Fig. 1: Children have a significantly higher humoral response to SARS-CoV-2 than adults.
figure 1

The humoral response generated following SARS-CoV-2 household exposure with seroconversion was examined using MULTICOV-AB. Children (orange, n = 181) produced significantly more antibodies against the Spike (a p = 6.00 x 10−6), Receptor Binding Domain (RBD) (b p = 2.86 x 10−6), S1 domain (c p = 3.00 x 10−14) and nucleocapsid (NC) (e p = 1.76 x 10−2) than adults (blue, n = 414).

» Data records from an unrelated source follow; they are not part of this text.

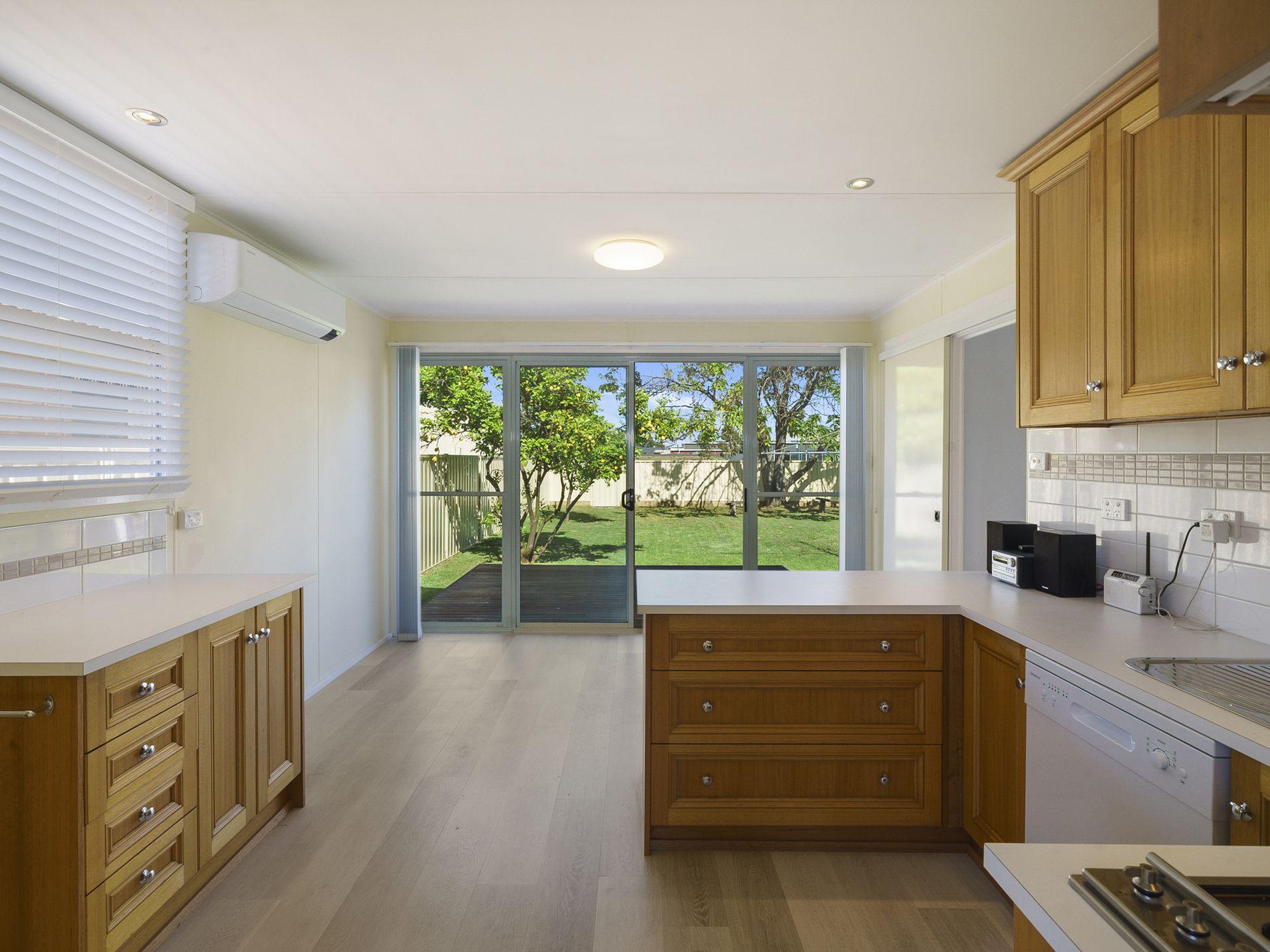 - As new timber kitchen with sliding doors to outdoor decked area.
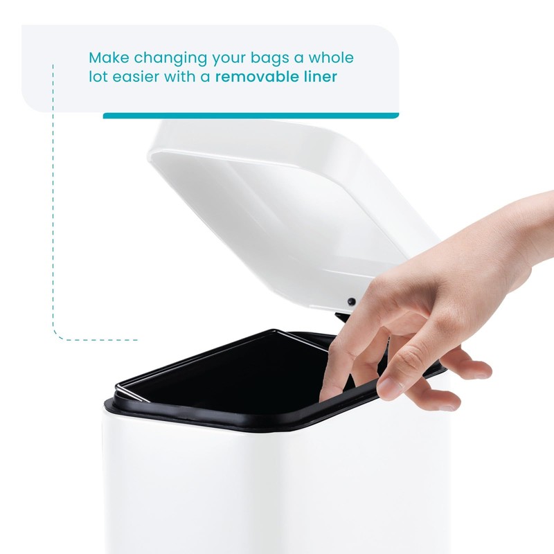 - Removable Inner Bucket: Inner liner lifts out easily for quick and clean bag changes, helping to prevent spills and maintain a tidy space
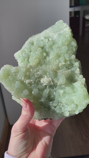 ENERGY: This soft green stone is like a new bud in early spring. As winter’s cold endures, the bud remains to wait for the sun’s embrace. No matter the weather, the bud exudes a quiet confidence through trust and acceptance. Prehnite hones this equal energy of inner strength, patience, and humble fortitude. Opening the solar plexus and heart chakra, Prehnite is a unique healer as this combination of chakras is rare. Its unusual energy generates a connection between self love and self confidence. In all things you do, it will also feed your heart’s desire. All of your guidance can be found within instead of receiving assurance from others. It is the heart that informs the solar plexus with Prehnite. In effect, soul-nourishing inspiration is embraced openly with a wanting heart.
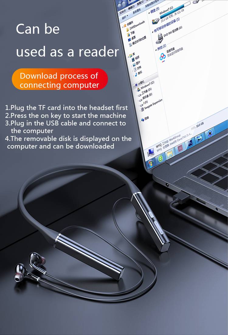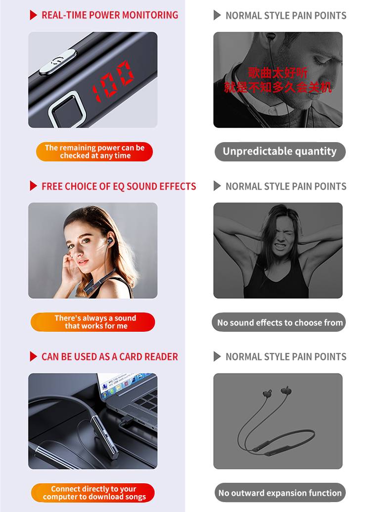 5.3 In ear long range wireless bluetooth rarphones with card Insertion and neck hanging sport earphones
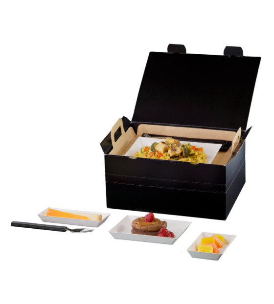 Composé de : -1 coffret Essentiel + 1 séparateur - 1 assiette Cubik bagasse 180x130 + 1 assiette Cubik bagasse 130x130 + 2 raviers Cubik bagasse 130x65 avec leurs couvercles
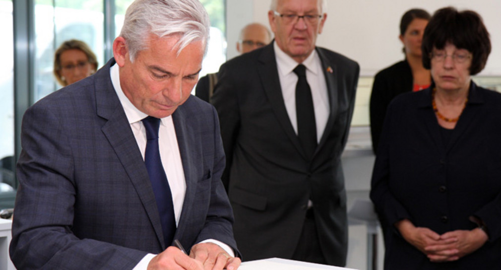 Der stellvertretende Ministerpräsident Thomas Strobl trug sich gemeinsam mit Ministerpräsident Winfried Kretschmann im französischen Generalkonsulat in das ausliegende Kondolenzbuch ein.
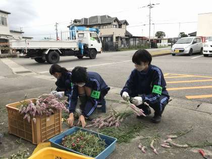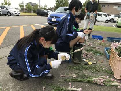 「社会に学ぶ『14歳の挑戦』」 富山県中央植物園 公開日 2022/09/28 更新日 2022/09/28 芝園の一日 9月28日(水) ドライフラワーを作る準備をしています。その他にも、植物のお手入れをしたり、池に入ったりと様々な体験をさせてもらっています。
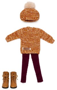 4dielny set: 3 kusy oblečenia a topánočky pre bábiku Penelope veľkosti 34 cm. Vyrobené ručne v Španielsku, balené v igelitovom obale na kartónovej podložke. Odporúčaný vek od 3 rokov.
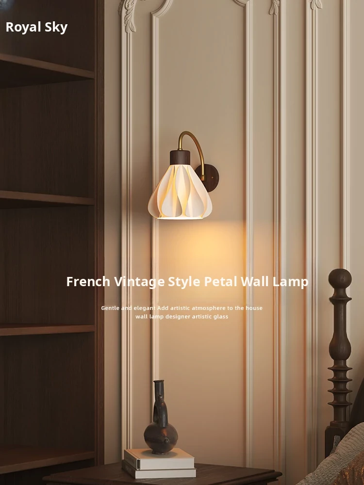 Vintage Walnut French Cream Bedside Wall Lamp - Eye-Caring Design for Bedroom, Stylish Lighting for Staircase and Living Room Accent Wall
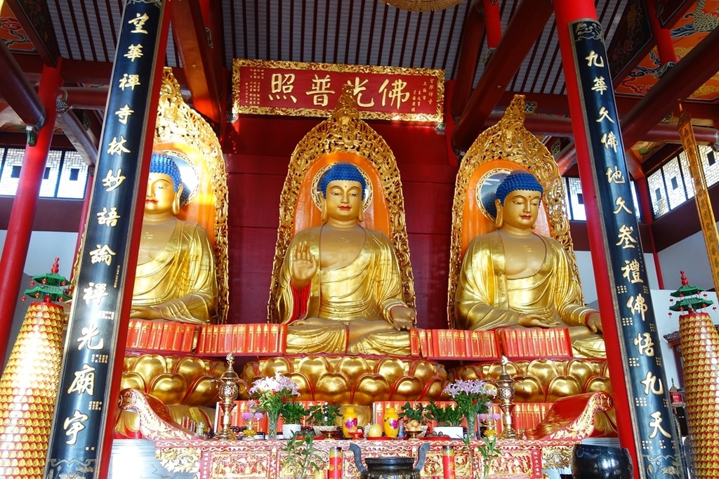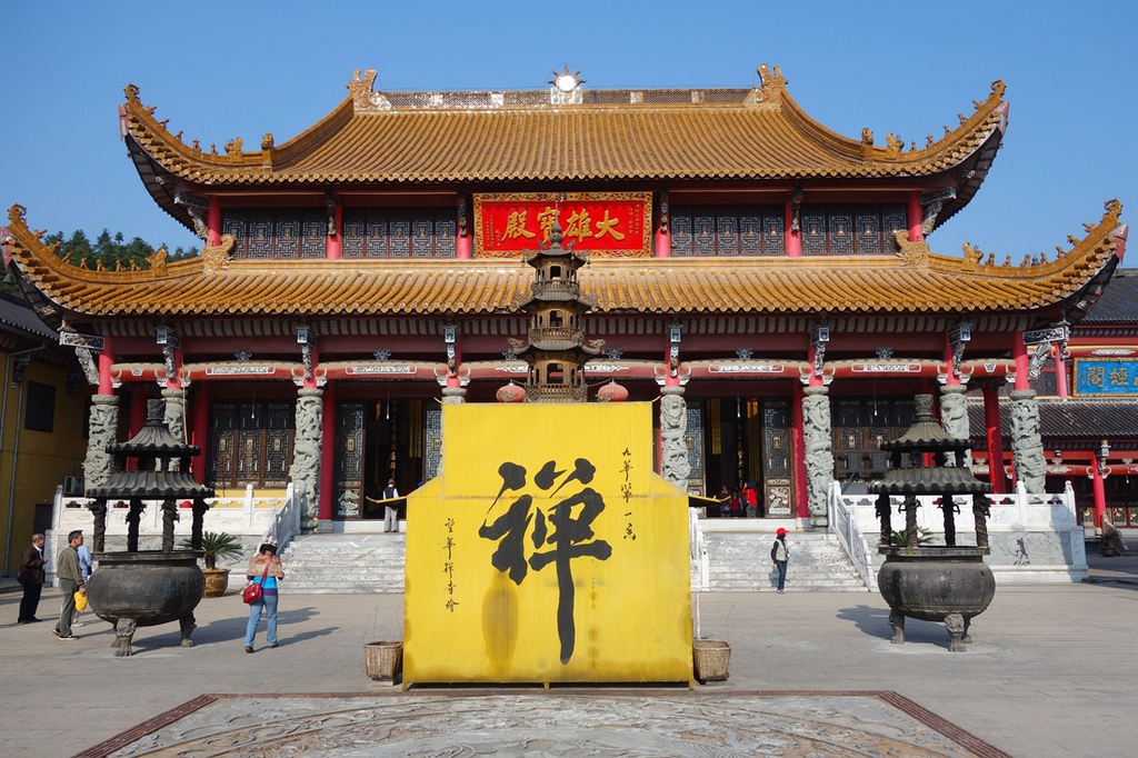 經過三個多小時車程,我們抵達了望華禪寺,這座禪寺從外觀看過去相當新,目前的寺院約在2003年逐漸興建起來,先前的古剎尚未達到山寺的規模,由於此寺九華山上寺廟為分院,故進行修建,形成現在的規模。

There was no significant difference for either the S2 domain (d p = 0.66) or the N-terminal domain of the nucleocapsid (NC NTD) (f p = 0.40). Only samples from T1 with a seropositive status (see Methods) are shown. Box and whisker plots with the box representing the median, 25th and 75th percentiles, while whiskers show the largest and smallest non-outlier values. Outliers were identified using upper/lower quartile ±1.5 times IQR. Statistical significance was calculated using Mann–Whitney-U (two-sided) with significance defined as being *<0.05, ***<0.001. Values >0.05 were defined as non-significant (ns). MFI Median Fluorescence Intensity.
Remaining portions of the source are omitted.